(MATERIAL SHOWN Opens)
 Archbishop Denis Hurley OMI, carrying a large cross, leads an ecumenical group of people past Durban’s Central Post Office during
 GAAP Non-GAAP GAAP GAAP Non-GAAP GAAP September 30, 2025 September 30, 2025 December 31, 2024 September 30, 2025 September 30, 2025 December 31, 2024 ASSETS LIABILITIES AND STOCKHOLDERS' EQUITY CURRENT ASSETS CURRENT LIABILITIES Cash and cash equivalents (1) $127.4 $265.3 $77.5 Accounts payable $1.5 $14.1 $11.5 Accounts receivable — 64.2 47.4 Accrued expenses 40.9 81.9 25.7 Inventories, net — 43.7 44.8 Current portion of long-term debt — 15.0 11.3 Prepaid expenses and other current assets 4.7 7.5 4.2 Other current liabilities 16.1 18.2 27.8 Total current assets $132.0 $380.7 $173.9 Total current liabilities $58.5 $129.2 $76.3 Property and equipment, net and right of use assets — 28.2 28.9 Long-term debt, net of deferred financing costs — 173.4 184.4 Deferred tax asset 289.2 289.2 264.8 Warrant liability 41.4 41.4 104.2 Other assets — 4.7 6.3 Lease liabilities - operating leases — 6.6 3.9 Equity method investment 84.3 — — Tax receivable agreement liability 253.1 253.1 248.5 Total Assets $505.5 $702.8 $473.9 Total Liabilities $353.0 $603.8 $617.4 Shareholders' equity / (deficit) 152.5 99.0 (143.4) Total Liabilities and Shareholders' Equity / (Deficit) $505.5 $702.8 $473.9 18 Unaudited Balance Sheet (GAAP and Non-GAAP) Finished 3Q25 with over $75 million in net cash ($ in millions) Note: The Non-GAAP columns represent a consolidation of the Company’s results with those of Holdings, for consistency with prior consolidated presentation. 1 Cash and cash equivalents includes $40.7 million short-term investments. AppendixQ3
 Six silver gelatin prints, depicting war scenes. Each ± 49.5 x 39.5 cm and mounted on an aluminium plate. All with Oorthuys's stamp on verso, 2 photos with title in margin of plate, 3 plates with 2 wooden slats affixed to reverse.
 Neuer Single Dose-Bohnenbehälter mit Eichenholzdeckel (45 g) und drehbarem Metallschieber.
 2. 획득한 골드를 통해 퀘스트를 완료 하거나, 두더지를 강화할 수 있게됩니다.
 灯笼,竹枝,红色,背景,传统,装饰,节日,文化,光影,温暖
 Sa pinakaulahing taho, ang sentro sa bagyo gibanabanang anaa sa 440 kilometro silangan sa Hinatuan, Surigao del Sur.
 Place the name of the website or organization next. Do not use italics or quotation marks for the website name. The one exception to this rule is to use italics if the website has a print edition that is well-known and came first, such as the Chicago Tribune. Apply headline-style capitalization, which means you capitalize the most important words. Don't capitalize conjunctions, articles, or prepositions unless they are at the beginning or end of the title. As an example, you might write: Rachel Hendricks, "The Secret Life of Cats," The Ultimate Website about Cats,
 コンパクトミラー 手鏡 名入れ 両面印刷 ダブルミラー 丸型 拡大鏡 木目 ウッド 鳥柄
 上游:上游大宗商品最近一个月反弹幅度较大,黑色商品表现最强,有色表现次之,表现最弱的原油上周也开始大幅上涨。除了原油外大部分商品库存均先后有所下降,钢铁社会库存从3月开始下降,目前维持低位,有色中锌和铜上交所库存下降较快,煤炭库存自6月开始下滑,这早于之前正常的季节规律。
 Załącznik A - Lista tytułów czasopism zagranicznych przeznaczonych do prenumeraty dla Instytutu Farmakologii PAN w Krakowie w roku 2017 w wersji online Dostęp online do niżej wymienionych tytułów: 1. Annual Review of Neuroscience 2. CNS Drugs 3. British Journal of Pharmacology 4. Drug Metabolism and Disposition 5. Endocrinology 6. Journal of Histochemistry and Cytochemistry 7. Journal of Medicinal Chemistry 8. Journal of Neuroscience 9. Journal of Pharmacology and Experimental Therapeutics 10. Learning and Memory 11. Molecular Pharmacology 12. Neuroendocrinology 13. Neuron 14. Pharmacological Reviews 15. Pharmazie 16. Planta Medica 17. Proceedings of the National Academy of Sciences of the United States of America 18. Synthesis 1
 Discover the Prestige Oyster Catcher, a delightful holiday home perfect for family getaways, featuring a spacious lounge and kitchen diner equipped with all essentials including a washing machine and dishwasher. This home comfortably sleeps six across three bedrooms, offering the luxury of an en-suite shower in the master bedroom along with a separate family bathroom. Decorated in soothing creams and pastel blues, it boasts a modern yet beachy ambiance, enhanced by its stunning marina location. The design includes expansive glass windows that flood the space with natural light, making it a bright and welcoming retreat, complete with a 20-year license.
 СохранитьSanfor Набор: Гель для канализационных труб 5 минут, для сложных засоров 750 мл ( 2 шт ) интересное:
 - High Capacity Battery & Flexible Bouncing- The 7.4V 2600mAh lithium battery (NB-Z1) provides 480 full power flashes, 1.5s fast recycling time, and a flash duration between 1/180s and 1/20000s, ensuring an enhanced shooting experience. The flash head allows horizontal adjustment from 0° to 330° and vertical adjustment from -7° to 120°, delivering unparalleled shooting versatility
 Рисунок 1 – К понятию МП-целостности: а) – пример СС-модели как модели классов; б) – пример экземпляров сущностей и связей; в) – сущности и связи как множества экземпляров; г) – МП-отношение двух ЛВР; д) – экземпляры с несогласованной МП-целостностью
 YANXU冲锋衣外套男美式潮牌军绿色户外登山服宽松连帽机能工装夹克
(MATERIAL SHOWN Closes)
▶ _WORK REQUIRED_
Pull out every line holding "that" from the records above, and copy it.

▶ _OUTPUT FOR THIS TASK_
 Place the name of the website or organization next. Do not use italics or quotation marks for the website name. The one exception to this rule is to use italics if the website has a print edition that is well-known and came first, such as the Chicago Tribune. Apply headline-style capitalization, which means you capitalize the most important words. Don't capitalize conjunctions, articles, or prepositions unless they are at the beginning or end of the title. As an example, you might write: Rachel Hendricks, "The Secret Life of Cats," The Ultimate Website about Cats,
 Discover the Prestige Oyster Catcher, a delightful holiday home perfect for family getaways, featuring a spacious lounge and kitchen diner equipped with all essentials including a washing machine and dishwasher. This home comfortably sleeps six across three bedrooms, offering the luxury of an en-suite shower in the master bedroom along with a separate family bathroom. Decorated in soothing creams and pastel blues, it boasts a modern yet beachy ambiance, enhanced by its stunning marina location. The design includes expansive glass windows that flood the space with natural light, making it a bright and welcoming retreat, complete with a 20-year license.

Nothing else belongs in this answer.